- Prompt
Span requested from the data below: the line with "ITEM DETAILS The" through the line with "Summer New V-neck", both included. Give only these lines again, exactly, and leave every picture out.

- Material supplied
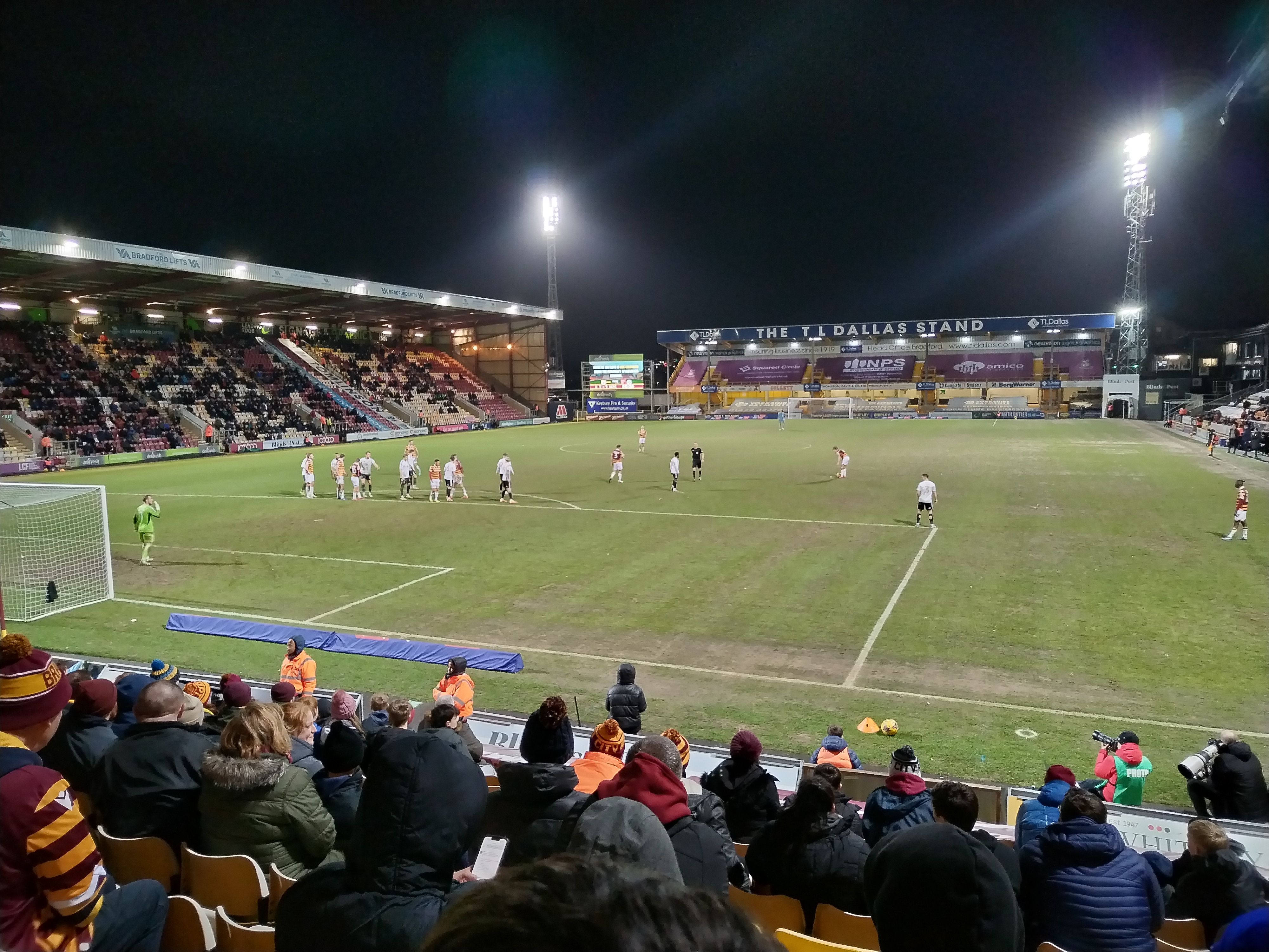 Boring is also the best word to describe the football from Graham Alexander of late. It was a windy night, a dreadful pitch – no one rocked up expecting to see Bradford City tiki-taka. But were the conditions really enough of a reason for such a directionless and ugly approach from the home side? Necks began to ache from 90+ minutes of watching the ball launched aimlessly in the air, high and forward. No subtly, no finesse. It was incredibly dull and flat.
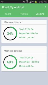 • BOOST : Click on the "BOOST" button to raise the speed of your phone. In 2 clicks only, the app will boost the RAM of your smartphone by erasing all undesirable background tasks.
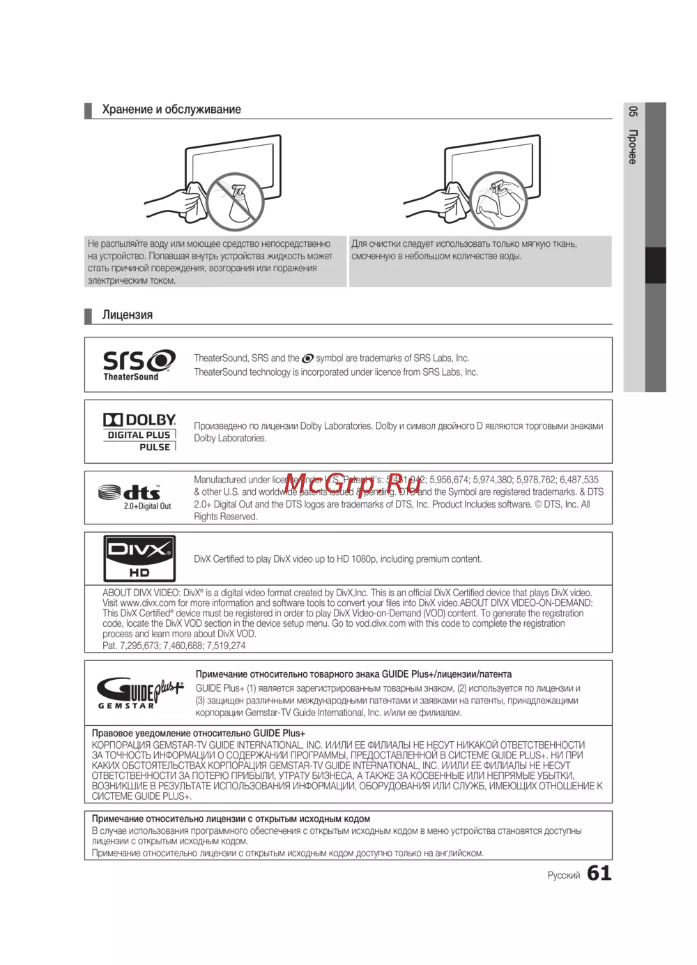 Примечание относительно товарного знака GUIDE Plus+/лицензии/патента
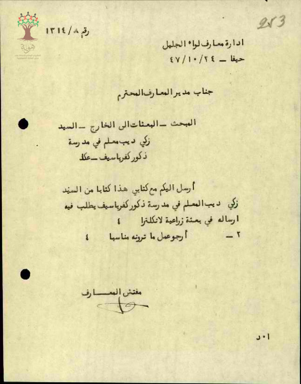 رسالة من مفتش المعارف الى مدير المعارف ينقل رغبة المعلم زكي ديب ارساله في بعثة الزراعة الى انكلترا
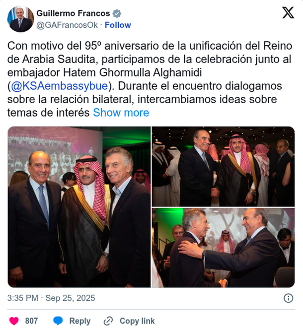 El jefe de Gabinete, Guillermo Francos, coincidió este jueves al mediodía con Mauricio Macri en un evento diplomático celebrado en la embajada de Arabia Saudita, en Palermo, y no perdió la oportunidad de saludarlo y de publicar el momento en redes sociales.
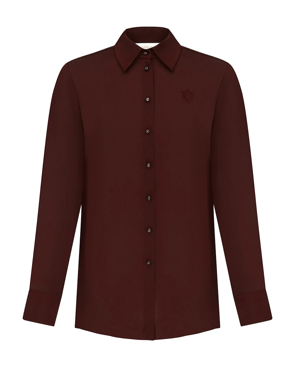ITEM DETAILS The Luna Satin Shirt in Wine from our Spring 2026 Collection, Kindred Spirit. A silk shirt featuring long sleeves, embroidery detailing and a classic collar. - 100% silk fabric - Relaxed silhouette style shirt - Buttons down the centre front and on the cuffs - Embroidery detail on the breast Style Code: 8920TS261 SIZE DETAILS 0P 0 1 2 3 4 Length 26 27.5 27.5 28 28.5 28.5 Bust 41.5 42.5 45 46.5 49 50.5 Sleeve 20 21.5 21.5 22 22 22.5 Relaxed fit Light-weight, non-stretchy fabric This garment fits true to size Available in size 0P, suited to clients who are under 5'3"/ 160cm Model is 5'9.5"/178 cm, bust size 32C/10C and wears a size 0 Item measurements are in inches CARE INSTRUCTIONS Main: 100% silk Dry clean only code f (hydrocarbon only); Remove any detachable trims prior to dry cleaning; Cover to protect trim; Iron in low temperature with protective cloth; Light steam only; Do not spot clean Always check the label or care card for specific care instructions.
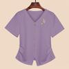 Summer New V-neck Irregular Hem Split Design Sense Niche Versatile Top White Short-sleeved Shirt Women
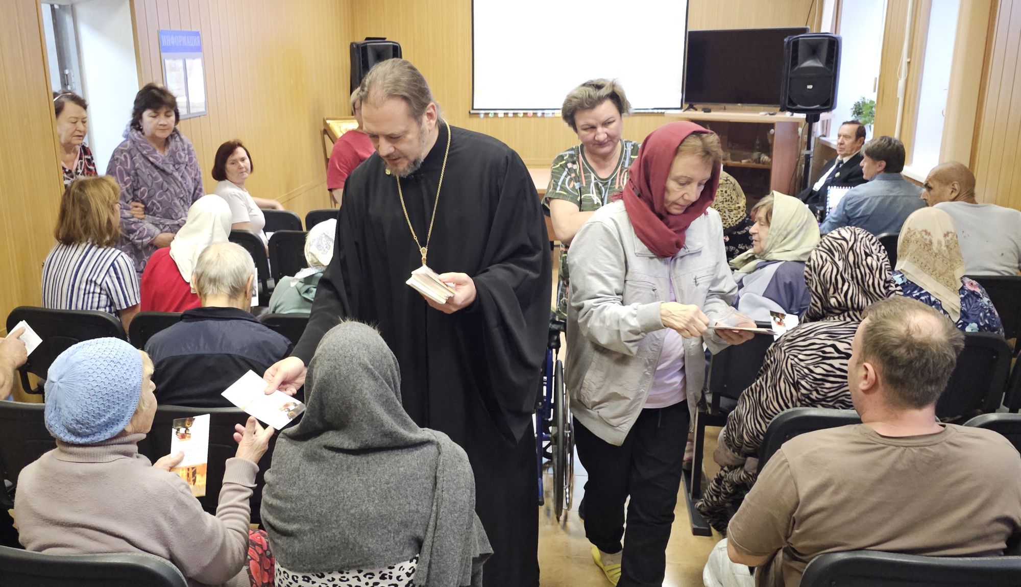 Настоятель храма протоиерей Сергий Якимов поздравил руководство больницы и людей, проходящих лечение, с праздниками, а затем представил исполнителя.

- Exercise output
ITEM DETAILS The Luna Satin Shirt in Wine from our Spring 2026 Collection, Kindred Spirit. A silk shirt featuring long sleeves, embroidery detailing and a classic collar. - 100% silk fabric - Relaxed silhouette style shirt - Buttons down the centre front and on the cuffs - Embroidery detail on the breast Style Code: 8920TS261 SIZE DETAILS 0P 0 1 2 3 4 Length 26 27.5 27.5 28 28.5 28.5 Bust 41.5 42.5 45 46.5 49 50.5 Sleeve 20 21.5 21.5 22 22 22.5 Relaxed fit Light-weight, non-stretchy fabric This garment fits true to size Available in size 0P, suited to clients who are under 5'3"/ 160cm Model is 5'9.5"/178 cm, bust size 32C/10C and wears a size 0 Item measurements are in inches CARE INSTRUCTIONS Main: 100% silk Dry clean only code f (hydrocarbon only); Remove any detachable trims prior to dry cleaning; Cover to protect trim; Iron in low temperature with protective cloth; Light steam only; Do not spot clean Always check the label or care card for specific care instructions.
 Summer New V-neck Irregular Hem Split Design Sense Niche Versatile Top White Short-sleeved Shirt Women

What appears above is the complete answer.